Heidi Sevdal (born 6 March 1989) is a Faroese football forward who currently plays for NSÍ, after representing various other teams in the Faroese 1. deild kvinnur. Since 2006, she has represented the Faroe Islands women's national football team at senior international level.

Club career
Sevdal spent time at the Danish Elitedivisionen club IK Skovbakken in 2006.

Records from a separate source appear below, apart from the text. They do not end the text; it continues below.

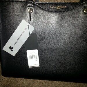 KARL LAGERFELD-PARIS Black Pebbled Leather Handbag Tote-NEW WITH TAGS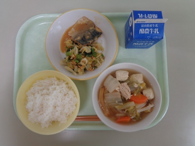 今日の献立は、ごはん、さばのみそ煮、炒り大豆和え、ちゃんこ鍋、牛乳 です。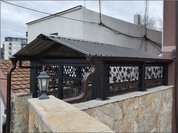 | Kapija – Ulaz u zgradu. Konstrukcija je izrađena kao kombinacija kovanog gvožđa (kapija i zaštitna ograda), šupljih kutijastih profila (konstrukcija krova) i plastificiranog trapeznog lima (krov i oluci). |

In November 2013 Sevdal was named the Faroese women's footballer of the Year after scoring 30 goals for HB Tórshavn. In 2015, she was named player of the year once again. In 2017, along with Adeshina Lawal, she was rewarded for finishing as top scorer and chosen striker of the year in Faroese football.

International career

Sevdal's first appearances for the senior Faroe Islands women's national football team came in November 2006, at the UEFA Women's Euro 2009 qualifying series. At a preliminary round mini-tournament held in Strumica, Macedonia, Malena Josephsen's injury time goal in the Faroe Islands' first match was not enough, as they lost 2–1 to Wales. The team was eliminated after another defeat, 1–0 to Kazakhstan. In the final match the Faroe Islands beat hosts Macedonia 7–0. Sevdal started the first two matches and came on a substitute in the third.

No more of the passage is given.